I. To evaluate the safety and tolerability of adenoviral tumor-specific neoantigen priming vaccine GAd-209-FSP (GAd20-209-FSPs) (1 prime) and MVA tumor-specific neoantigen boosting vaccine MVA-209-FSP (MVA-209-FSPs) (1 boost) vaccination when administered as a single agent (monotherapy) in participants with Lynch syndrome (LS).

II. To evaluate the neoantigen-specific immunogenicity of GAd20-209-FSPs (1 prime) and MVA-209-FSPs (1 boost) vaccination when administered as a single agent (monotherapy) in participants with LS.

III. To evaluate the neoantigen-specific immunogenicity of GAd20-209-FSP prime and MVA-209-FSP boost or MVA-209-FSP boost alone when administered to previously-vaccinated immunogenic participants with LS.

IV. To evaluate the safety and tolerability of GAd20-209-FSP prime and MVA-209-FSP boost or MVA-209-FSP boost alone when administered to previously vaccinated immunogenic participants with LS.

SECONDARY OBJECTIVES:

I. To assess the effect of Nous-209 vaccination on T cell immune profile and T cell receptor (TCR) repertoire in the peripheral blood of participants with LS.

II. To assess the effect of Nous-209 vaccination on TCR repertoire within histologically normal colorectal mucosal of participants with LS.

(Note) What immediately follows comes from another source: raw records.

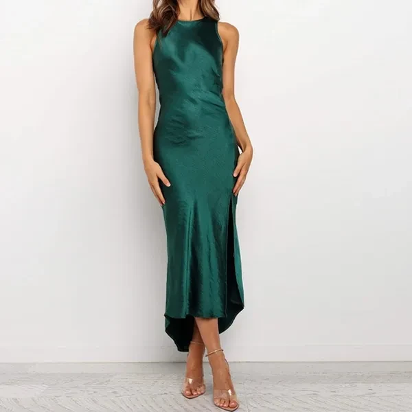 Spring and Summer Fashion Women Sling Dress New Solid Color Backless Retro Casual Long Dresses Under Split Ruffled Sleeveless Skirt
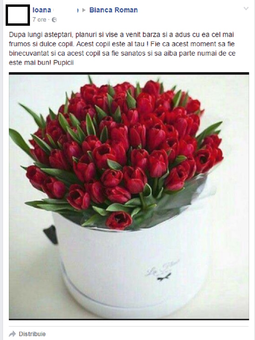 "După lungi aşteptări, planuri şi visuri, a venit barza şi a adus cu ea cel mai frumos şi dulce copil. Acest copil este al tau! Fie ca acest moment să fie binecuvantat şi ca acest copil să fie sanatos şi să aibă parte numai de ce este mai bun! Pupici", i-a scris o internaută pe contul de socializare.
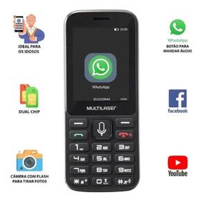 Celular Multilaser ZAPP II 2,4 Pol, Conexão 3G 512MB, Preto, KaiOS, Face, Whats - P9161 Celular Multilaser ZAPP II 2,4 Pol, Conexão 3G 512MB, Preto, KaiOS, Face, Whats - P9161
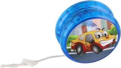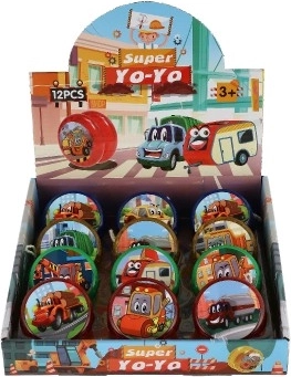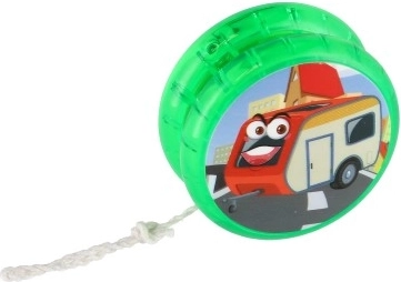 Jojoen fås i flere farver, inklusive blå, rød, grøn og gul, alle med glade billeder af transportmidler.
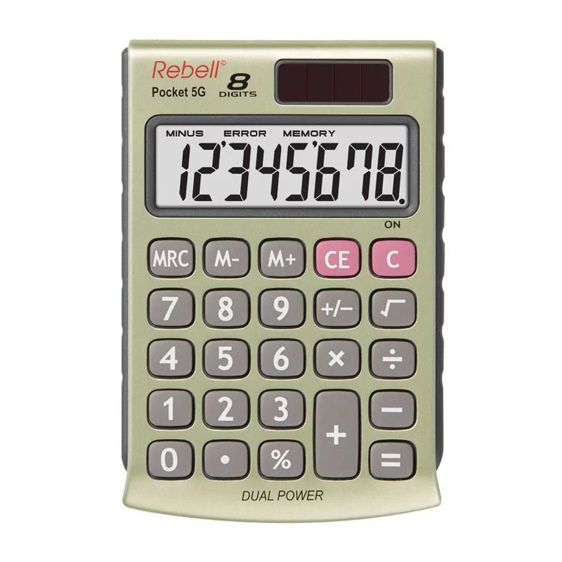 Pocket 5G posiada wytrzymałą, metalową obudowę oraz wygodne gumowe przyciski. Ośmiocyfrowy wyświetlacz pozwoli Ci na wykonywanie na nim obszernych obliczeń a panel słoneczny wspomagany małą bateryjką sprawiają, że możesz używać go w każdym miejscu i każdej porze dnia i nocy :) Dodatkowym atutem kalkulatora są funkcyjne klawisze %, +/-, ? a także 3 klawisze pamięci.

III. To evaluate the effect of Nous-209 vaccination on tumor infiltrating lymphocyte (TIL) immune profile and TCR repertoire within colorectal adenomas in participants with LS.

IV. To assess the cytotoxicity of matched T cells on participant-derived colorectal adenoma organoids following Nous-209 vaccination in participants with LS.

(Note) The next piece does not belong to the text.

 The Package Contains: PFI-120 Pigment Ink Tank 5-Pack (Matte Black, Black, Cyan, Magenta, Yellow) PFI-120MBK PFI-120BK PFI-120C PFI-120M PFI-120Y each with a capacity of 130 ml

V. To evaluate the effect of Nous-209 vaccination on the burden of colorectal adenomas/advanced neoplasia/carcinoma in participants with LS.

VI. To assess the effect of Nous-209 vaccination on the burden of LS-related carcinomas in participants with LS.

VII. To evaluate the effect of Nous-209 vaccination on cell free deoxyribonucleic acid (DNA) (cfDNA) mutation profiles and cfDNA burden in participants with LS.

VIII. To correlate tobacco and alcohol consumption with the immune response to Nous-209 in trial participants.

IX. To assess the mismatch repair (MMR) and/or microsatellite instability (MSI) status of polyps (and adjacent normal mucosa as control) detected in the baseline and end-of-the-study colonoscopy using different technologies such as immunohistochemistry, MSI analysis by polymerase chain reaction (PCR), or next-generation sequencing.

OUTLINE:

PART I: Patients receive GAd20-209-FSPs intramuscularly (IM) on day 1 and MVA-209-FSPs IM at week 8. Patients undergo endoscopy with biopsy during screening and follow up as well as blood sample collection on the trial.

PART II: Eligible patients from Part I are randomized to 1 of 2 arms.

ARM A: Patients receive GAd20-209-FSPs IM at week 52 and MVA-209-FSPs IM at week 60. Patients undergo endoscopy with biopsy as well as blood sample collection on the trial.

ARM B: Patients receive MVA-209-FSPs IM at week 52. Patients undergo endoscopy with biopsy as well as blood sample collection on the trial.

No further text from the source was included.